CSA-131 was derivatized using acetic anhydride. 100 µL of diluted CSA-131 solution was evaporated in the SpeedVac Concentrator (Savant SPD2010, Thermo Fisher Scientific), followed by derivatization with 50 µL of acetic anhydride. The samples were vortex-mixed and then incubated for one hour at 45 °C. The reaction mixture was then dried in the SpeedVac Concentrator. The residues were dissolved in a 100 µL mixture of water/acetonitrile 1:1 with 0.1% formic acid, and then samples were mixed for 5 min.
4.7. Statistical Analysis
The significance of differences was determined using the two-tailed Student’s t-test. Statistical analyses were performed using Statistica 10 (StatSoft Inc, Tulsa, OK, USA). p < 0.05 was considered to be statistically significant.
5. Conclusions
Of the tested ceragenins, CSA-131 showed the strongest activity against C. albicans, C. krusei, C. tropicalis, and C. glabrata, frequently identified as biofilm-residing fungi in biofilm growing on the surface of VPs. CSA-131 has the potential to reduce C. albicans biofilm mass on voice prostheses in vitro. The impregnation of VPs with CSA-131 might provide a technical approach to develop VP devices that are more resistant to Candida colonization. The development of a CSA-131 solution that could potentially be used as a flushing fluid for the regular maintenance of VP is also strongly supported.
Author Contributions
Conceptualization, R.B., B.D., T.D., J.S.; methodology, T.D., A.G., B.D., R.B.; software, J.S., K.F., P.D.; validation R.B.; formal analysis, R.B.; P.B.S.; investigation, J.S., R.B.; resources, J.S., T.D., S.O., S.G.; data curation, J.S., T.D., B.D., U.W., D.Z., A.G., A.K., M.C. (Mateusz Cieślukand); writing, J.S., T.D., K.F.; writing-review and editing, M.C. (Mateusz Cieślukand), A.K., B.D., R.B., P.B.S.; visualization, M.C. (Michał Ciborowski); K.F., J.S.; supervision, R.B, S.O.; project administration, R.B.; funding acquisition, R.B. All authors have read and agreed to the published version of the manuscript.
Funding
This work was financially supported by grants from the National Science Centre, Poland (UMO-2018/31/B/NZ6/02476 to RB), the Medical University of Bialystok (SUB/1/DN/20/001/1122 to MC), and by a program of the Ministry of Science and Higher Education under the project name “Regional Initiative of Excellence in 2019–2022,” project number 024/RID/2018/19 (financing amount: 11,999,000.00 PLN). Part of the study was conducted with the use of equipment purchased by the Medical University of Białystok as part of the RPOWP 2007-2013 funding, Priority I, Axis 1.1, contract No. UDA- RPPD.01.01.00-20-001/15-00 dated 26.06.2015. The funders had no role in the study design, data collection and analysis, decision to publish, or preparation of the manuscript.

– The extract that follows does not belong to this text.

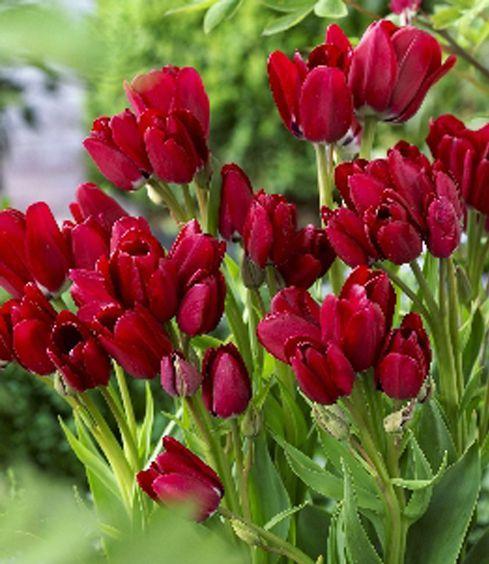 Луковицы тюльпана Уоллфлауэр (Wallflower) – купите их и будет у вас оригинальное украшение участка. Это сорт многоцветкового вида. Цветет он в мае 4-6 бутонами темно-красного цвета расположенными на одном стебле. Этот необычный цветок порадует как в клумбе, так и в букете. Может сочетаться с разными другими растениями, цветущими или вегетирующими в этот же майский период. Для растений этой группы важно выкапывать луковицы их после того, как пожелтеют листья. А посадки их осуществляют осенью. Почва должна быть нейтральной. Кислые заранее известкуют. Любят тюльпаны и влагу, но без застаивания воды.

Institutional Review Board Statement
The study was conducted according to the guidelines of the Declaration of Helsinki, and approved by the Ethics Committee of Jan Kochanowski University of Kielce (protocol code 16/2019; date of approval: 05.03.2019).

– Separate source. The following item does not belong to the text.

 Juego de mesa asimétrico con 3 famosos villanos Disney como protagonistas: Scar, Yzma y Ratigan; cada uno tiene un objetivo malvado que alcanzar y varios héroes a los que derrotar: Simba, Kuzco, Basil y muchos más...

Informed Consent Statement
Not applicable.
Data Availability Statement
The data presented in this study are available on request from the corresponding author. The data are not publicly available due to volume.
Acknowledgments
We would like to thank Damian Pawelski MSc, from the Department of Organic Chemistry of the Medical University of Białystok for facilitating this study.
Conflicts of Interest
The authors declare no conflict of interest. The funders had no role in the design of the study; in the collection, analyses, or interpretation of the data; in the writing of the manuscript, or in the decision to publish the results.
References
- Souza, F.G.R.; Santos, I.C.; Bergmann, A.; Thuler, L.C.S.; Freitas, A.S.; Freitas, E.Q.; Dias, F.L. Quality of life after total laryngectomy: Impact of different vocal rehabilitation methods in a middle income country. Health Qual. Life Outcomes 2020, 18, 1–12. [Google Scholar] [CrossRef]
- Rodrigues, M.E.; Gomes, F.; Rodrigues, C.F. Candida spp./Bacteria Mixed Biofilms. J. Fungi 2019, 6, 5. [Google Scholar] [CrossRef] [Green Version]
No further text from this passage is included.